The exfoliation and dispersion of 2D Ti₃C₂ nanosheets in solution play a key role in the fabrication of Ti₃C₂/PAM NC hydrogels. Ti₃C₂ was prepared by etching the Al layer in bulk Ti₃AlC₂ with 30% HF solution for 24 h at room temperature. The SEM images before (Fig. 1A) and after etching (Fig. 1B) show the exfoliated multilayer Ti₃C₂ after removing the sandwiched Al layer. The bulk Ti₃C₂ exhibits an accordion-like structure with a thickness of ∼4 μm (Fig. 1B). The highly dispersed Ti₃C₂ nanosheet suspension was obtained by long-term sonication of the acquired Ti₃C₂ multilayer solution. The AFM image shows that the multilayer Ti₃C₂ sheets are fully exfoliated (Fig. 1C) and the thickness of the layered Ti₃C₂ nanosheets is 11.4 nm (the inset image in Fig. 1C), which is much thinner than bulk Ti₃C₂ (∼4 μm). The size of the Ti₃C₂ nanosheets is about 300–400 nm, which is in accordance with the DLS result (Fig. 1D). The XPS results show the binding energy of Ti 2p, Al 2p, O 1s and C 1s before and after HF etching treatment (Fig. 1E–H). The absence of Al 2p after etching indicates the complete removal of the Al layer in Ti₃AlC₂ as shown in Fig. 1F. The binding energy of C 1s for Ti₃C₂ (Fig. 1G) at 282.0, 284.1, 284.9 and 286.3 eV corresponds to Ti–C, C–C, C–OH and C=O, respectively.^30,43 The O 1s peaks of Ti₃C₂ (Fig. 1H) located at 529.9, 531.6 and 532.9 eV can be ascribed to Ti–O (TiO_X), Ti–O (TiO₂) and O–H (Ti₃C₂(OH)_X).³⁶ The XPS results imply the formation of –OH groups after etching treatment.

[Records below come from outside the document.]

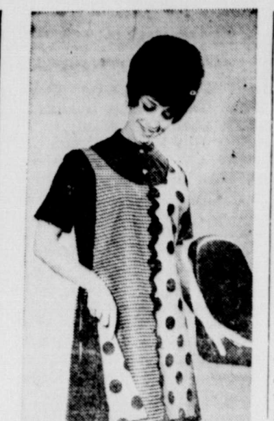
REVERSIBLE-Tops in versatility is the tunic apron with a flip side. Stripes and polka dots in navy and gold cotton team up for one look, while the reverse side is all polka-dots. Giant cotton rick-rack joins the contrasting fabrics in front.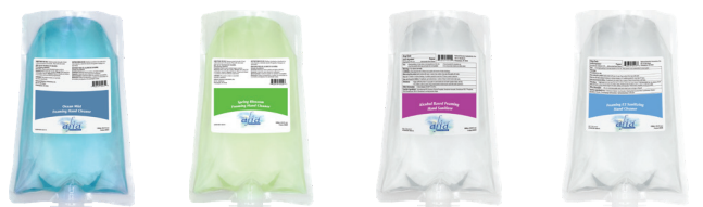
AFIA™ Ocean Mist (#0431)

Foaming hand soap is easy on the environment, affordable, efficient, and hygienic.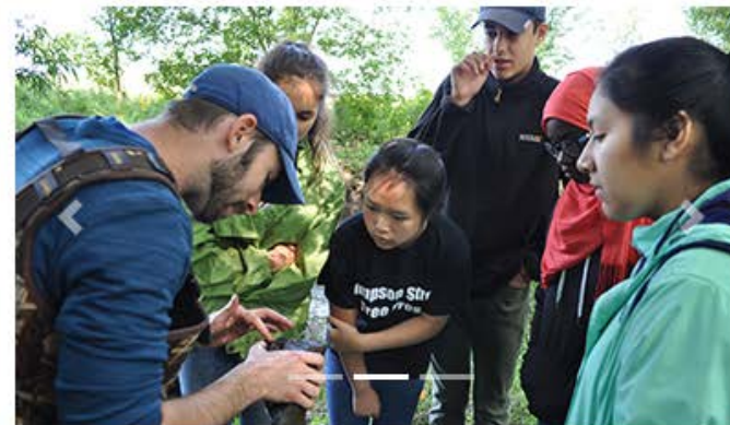
Simpson Street Free Press Internships

The department has a representative serving on the county's Racial Equity and Social Justice team and also has an internal team that works to implement the Equity and Inclusion plan and share learning resources with staff.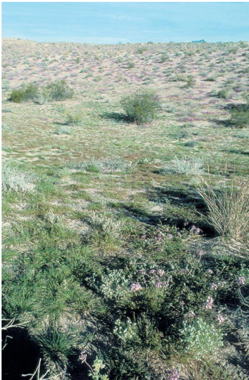
FIG. 6. Northeast side of Mohawk Dunes looking northwest. Schismus in left foreground, Abroonia (lavender-pink flowers), Pleuraphis in right foreground, dune swale in mid-distance, and dune slope in background with Larrea and Abroonia . April 1998.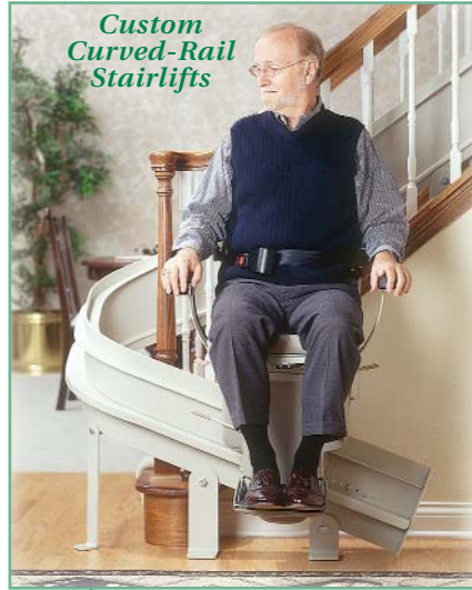
ELECTRA-RIDE III™ Model CRE-2100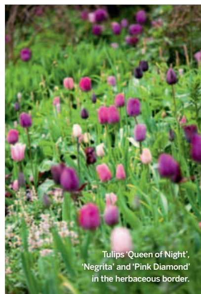
Tulips 'Queen of Night', 'Negrita' and 'Pink Diamond' in the herbaceous border.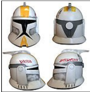
Helmet For 501st approval:

The following costume components are present and appear as described below.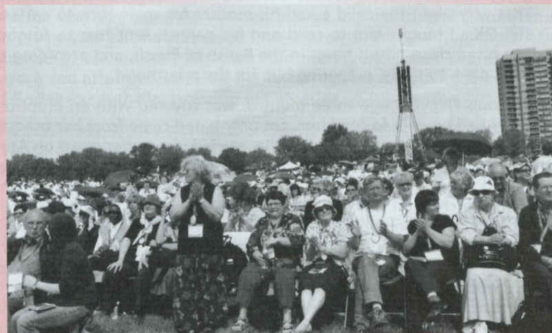
Pilgrims at the closing Mass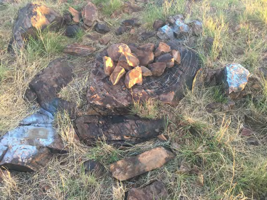
Near Rockpile above Mtnside dorm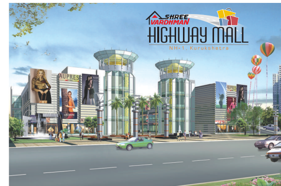
SHREE VARDHMAN HIGHWAY MALL 2 Acre Retail Mall and Multiplex on NH-1, Kurukshetra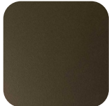
Metallic Finish Dark Metallic Bronze Coating

Fig. 1 SEM images of (A) Ti₃AlC₂ and (B) bulk Ti₃C₂. (C) AFM images of Ti₃C₂ nanosheets, and the inset image in AFM shows the thickness of Ti₃C₂ nanosheets. (D) DLS of the Ti₃C₂ nanosheet suspension. XPS spectra of Ti₃C₂ before and after etching, (E) Ti 2p, (F) Al 2p and XPS spectra of (G) C 1s and (H) O 1s for Ti₃C₂.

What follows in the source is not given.